On 11 January 2024, Malaysia's Economy Minister Rafizi Ramli and Singapore's Trade and Industry Minister Gan Kim Yong signed a Memorandum of Understanding (MoU) to work on a Johor-Singapore Special Economic Zone (JS-SEZ). One goal of this cooperation is to build one-stop business investment centre, in terms of less administrative procedures for movement of goods and labour and more favourable business incentives. The ongoing construction of the Johor Bahru–Singapore Rapid Transit System would also greatly benefit further interaction of the two countries.

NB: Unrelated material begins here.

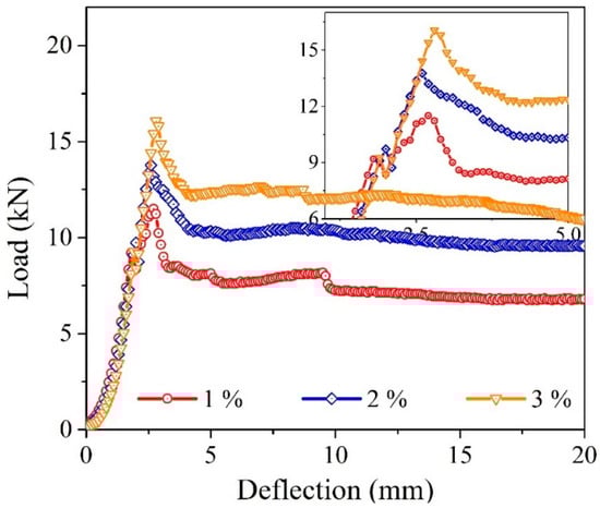 Figure 9 illustrates the failed samples from the BFT with different WFN fiber volume proportions. The deflection-hardening behavior and consistency load-deflection response were observed as shown in Figure 10 [48]. As indicated by the crack patterns, the flexural failure mode can be observed for the WFN samples with a fiber-concrete proportion of 1% (Figure 9c), while both flexural failure and punching failure modes can be observed for samples containing 2% and 3% WFN fibers (Figure 9a,b). Small and large cracks can both be observed in the failed WFN samples with fiber-reinforced concrete proportions of 2% and 3%, while only larger cracks were observed in the failed 1% WFN fiber-reinforced concrete samples. In addition, the numbers of cracks in the failed samples of the two test cases were more than that of the 1% WFN fiber-reinforced concrete sample. Thus, the role of fiber proportions is clarified. Similar to the above observations from the splitting tensile strength test, the WFN fibers showed their efficient role in bridging cracks, withstanding load, and delaying the development of crack propagations that improved the ultimate strength of materials. The higher efficiencies associated with higher fiber proportions can also be observed from these failure patterns. The literature review showed that the normal concrete samples were fractured and had no effective post-cracking ductility [39,49]. The samples were broken into two or three pieces separately, and the direction and the location of the first crack were random. When a crack occurs at peak load, the load suddenly drops to zero. Hence, this study only focused on the fiber-reinforced concrete samples.

On 7 Jan 2025, Singapore Prime Minister Lawrence Wong visited Malaysia and signed an agreement with his Malaysian counterpart Anwar Ibrahim on creating the special economic zone. The agreement expects 50 projects in the first five years of the establishment of the special economic zone, which would create an estimated 20,000 jobs and benefit more than 11 industries. However, there are concerns about the lack of skilled labour and causeway congestion.

===Forest City Special Financial Zone===
Forest city in Johor has been designated by the government as a Special Financial Zone, thanks to its geographical proximity to the regional economic powerhouse Singapore. The government gives business-friendly incentives such as tax breaks to promote development of the local financial industry.